The Autovía A-66 is a major highway in western Spain, part of the European route E803. The road is an upgrade of the N-630 which was undertaken section by section. The route roughly corresponds to the ancient Roman 'Silver Route' connecting the cities of Mérida and Astorga.

==Route==
Autovía A-66 starts at Seville with a junction with the Autovía A-49. It heads north through the wooded Sierra Morena and passes over the Puerto de las Marismas. It then crosses from Andalucia into Extremadura. It heads through the town of Zafra on the way to Mérida crossing the Tierra de Barros. It ends in a junction with the Autovía A-5.

North of Mérida the road crosses the Sierra de San Pedro to the town and world heritage site of Cáceres. Then the road crosses the Tajo and Almonte rivers. The road heads north east as it enters the Sierra de Gredos. The road becomes the N-630 (at km 489) south of the town of Plasencia. It then heads to the university town of Salamanca via Béjar. The road crosses the Rio Tormes and the Autovía A-62. The section north of Zamora leading to the Rio Duero. 18 km north where the road will meet the reservoir Embalse del Esla de Ricobayo is under construction as of October 2013. Here the N-630 heads north west to the Autovía A-52, and the N-630 along the Rio Esla to the Autovía A-6. 6 km north the A-66 branches to the north with a downgraded N-630 parallel. The road then enters the province of León.

===Autopista AP-66===
At León the road becomes a toll Autopista AP-66 and the N-630 a trunk road as they pass through the Cordillera Cantábrica. South of León there is a junction with the Autopista AP-71 and Autovía A-231. The N-630 crosses the Alto del Rabizo (1,160m) and Puerto de Pajares (1,379m).

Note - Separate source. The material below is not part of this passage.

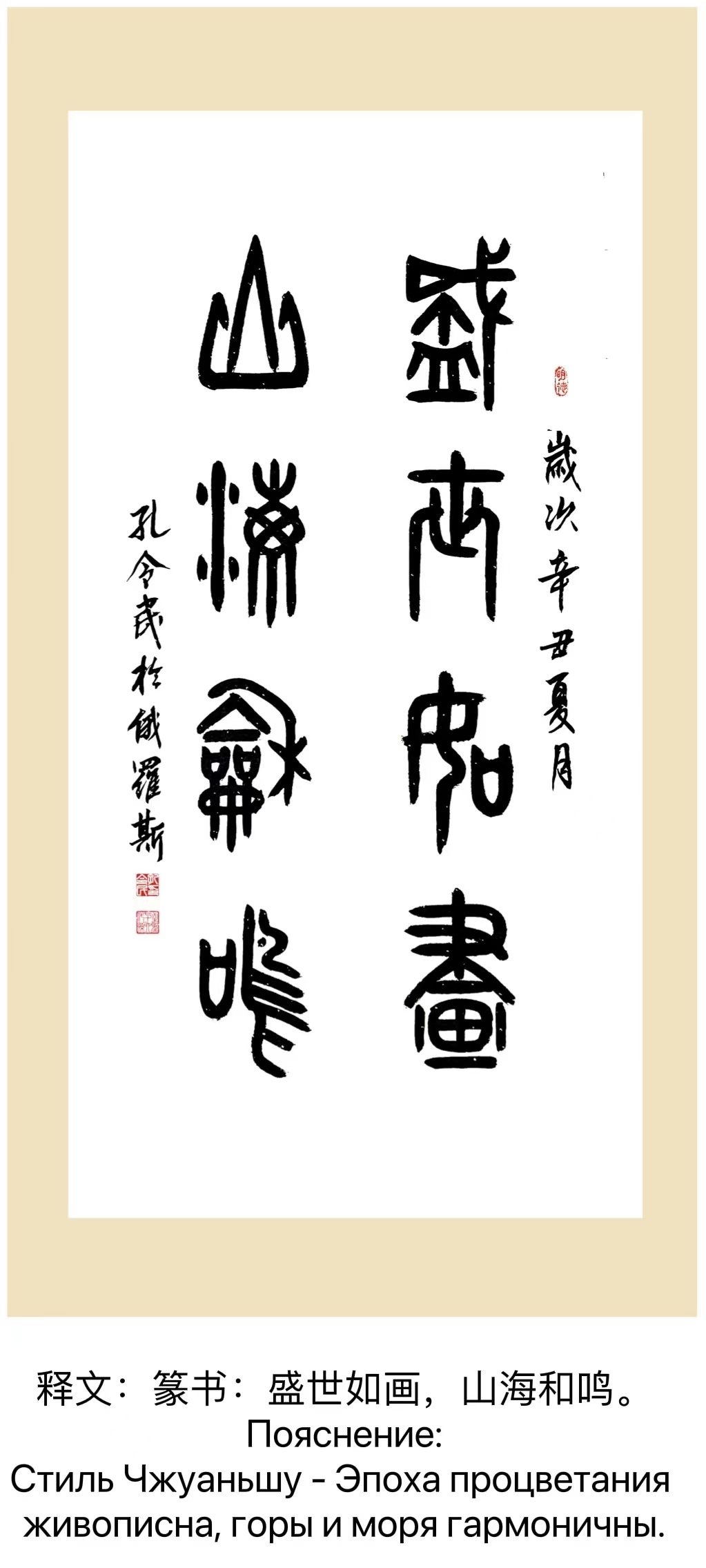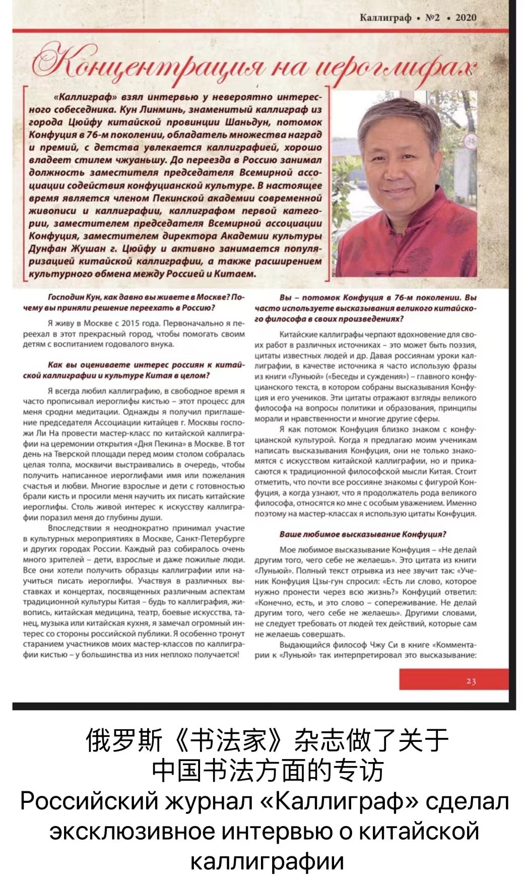 Кун Линминь, уроженец Цюйфу провинции Шаньдун, является прямым потомком Конфуция в 76-м поколении, академиком Пекинской академии современной каллиграфии и живописи, первоклассным каллиграфом. Предпочтение в стилях Чжуаньшу и Лишу, а также и практикуется стили Синшу и Цаошу. Его неоднократно приглашали участвовать в отечественных и международных выставках каллиграфии, многие работы были сохранены в Музее каллиграфии «Русский мир». По его каллиграфическому искусству брали интервью, деятельность мастера освещалось многими СМИ, такими как «Жэньминь жибао», «Первый канал России», «ТВ Госдумы» и «БРИКС ТВ» и тд.

Inaugurated on 11 August 1983, the AP-66 avoid these two passes and goes through the Negrón Tunnel, the sixth longest tunnel in Spain. Entering Asturias, the roads re-converge 36 km south of the next major city Oviedo. There is a junction with the Autovía A-64 and AS-I. The A-66 finally ends 13 km north of Oviedo at a junction with the Autovía A-8 near Gijón on the Atlantic Coast.